Formation of Δ1 and Δ6 testosterone metabolites by human hepatocytes

• Δ1-T, Δ1-AED, Δ6-T and Δ6-AED appeared after hepatocytes incubation with T.
• Time course production of selected metabolites was determined.
• Results were compared with those observed for the major T metabolites.
• 1,2- and 4,6-dehydrogenation has been confirmed as phase I metabolic pathway for T.

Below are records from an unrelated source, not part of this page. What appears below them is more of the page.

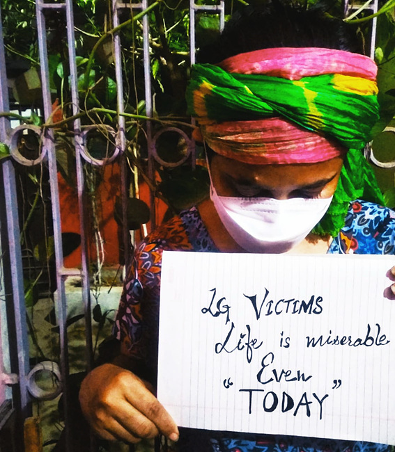 2021년 5월 6일과 7일, 사고 1주기를 맞아 인도, 한국, 홍콩, 네팔, 필리핀 등 아시아 각국의 시민사회단체들이 ‘LG화학 책임 촉구 국제항의행동’을 공동기획하고 기자회견을 열었다. 인도 사고 현지에서는 5월 6일 저녁 ‘희생자 추모 촛불캠페인’이 열려 현지 가정별로 소등하고 촛불을 켰다. 우리나라에서는 7일 12시 세종문화회관 중앙계단에서 환경보건시민센터, 환경연합 등 시민사회단체들이 희생자 추모와 LG의 책임을 촉구하는 기자회견을 열었다. 기자회견에서 이들은 ‘LG화학은 글로벌 스탠더드를 말로만 외치면서 사실상 책임 있는 대처를 방기한 채 피해자들을 방치하고 있는 현실을 반성하고 당장 적극적인 구제에 나서라’고 요구했다. 이제 11세가 된 피해자 스리산은 피해자들에게 현재 가장 중요한 것이 무엇인지에 대해 이렇게 말했다. “병원이 필요해요. 피해를 입은 아픈 사람들이 무료로 이용할 수 있는 병원이 있어야 해요.”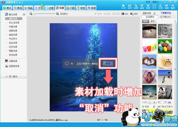 在新版的美图秀秀场景中,增加了一个“取消”功能按钮,让用户在网速过慢加载不成功时,可以关闭选项。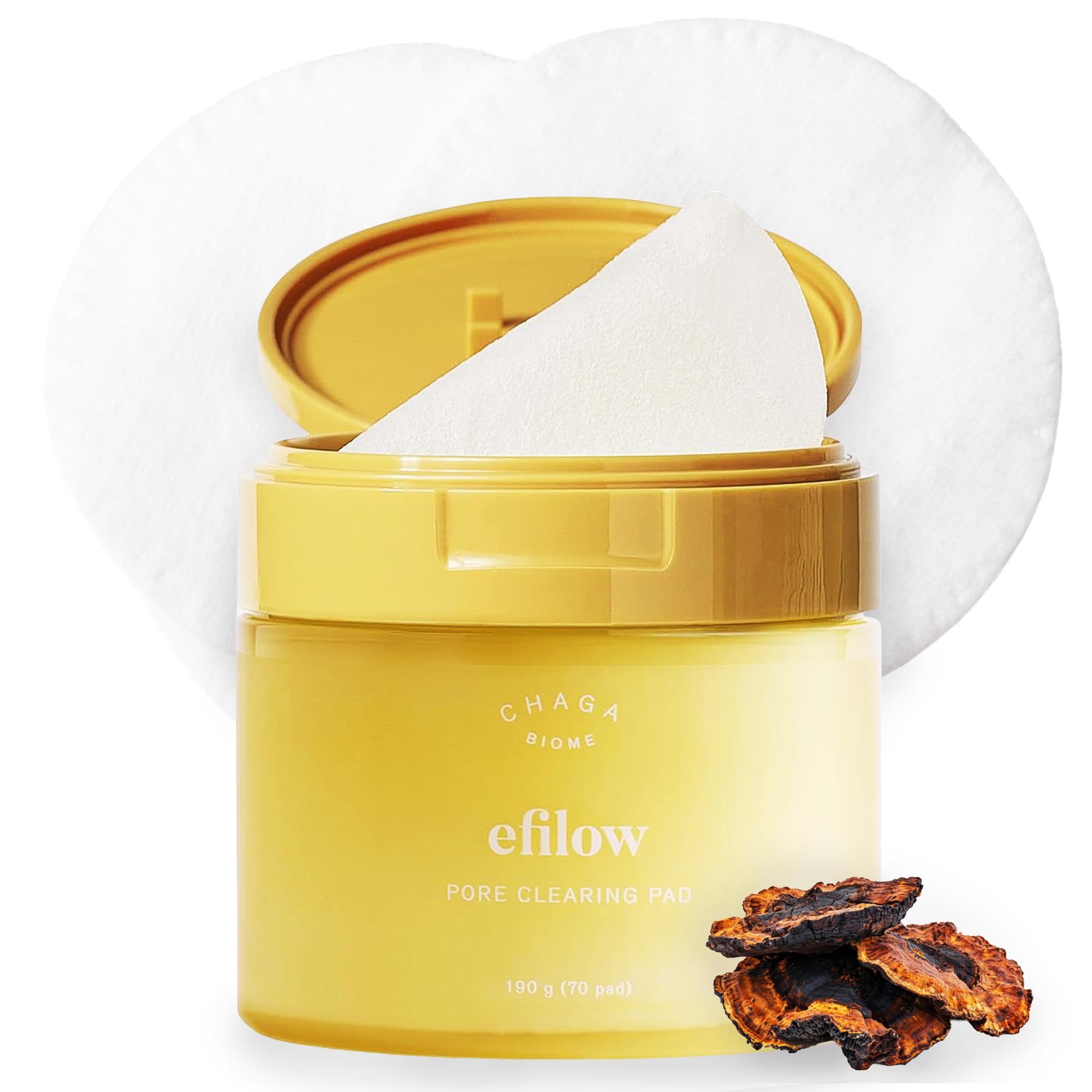 efilow Chaga Mushroom Biome Pore Clearing Pad Vegan Facial Exfoliating Toner Pads with AHA BHA PHA LHA 70 Pads 190g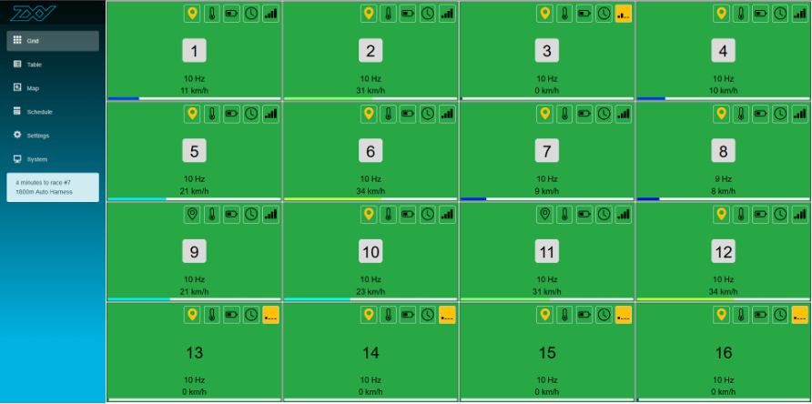 - Cells displaying a horse icon represent Transponders designated for the upcoming race.

The existence of urinary testosterone (T) metabolites conjugated with cysteine has been recently reported. The formation of a ring double bond by a phase I metabolic transformation and the subsequent nucleophilic conjugation with glutathione was proposed as a putative metabolic pathway for the occurrence of these metabolites in urine. The main goal of the present study was to confirm the first step of the postulated pathway. For that purpose, human hepatocyte cells systems were incubated with a pure T standard. The cell culture supernatants were analyzed by liquid chromatography coupled to mass spectrometry using a selected reaction monitoring method. Major T metabolites such as androsterone and 4-androstene-3,17-dione, together with the recently reported Δ1 and Δ6 metabolites were simultaneously quantified. The formation of 1,4-androstadien-3,17-dione, 4,6-androstadien-3,17-dione, 17β-hydroxy-4,6-androstadien-3-one and 17β-hydroxy-1,4-androstadien-3-one (boldenone) after incubation of T in hepatocyte cell cultures was demonstrated by comparing the retention times and the ion ratios of the metabolites with those obtained by analysis of commercial standards. Thus, the formation of double bonds Δ1 and Δ6 by hepatic phase I metabolism of T was confirmed. Analogously to T, this pathway might also be present in other steroids, opening the possibility of targeting additional biomarkers.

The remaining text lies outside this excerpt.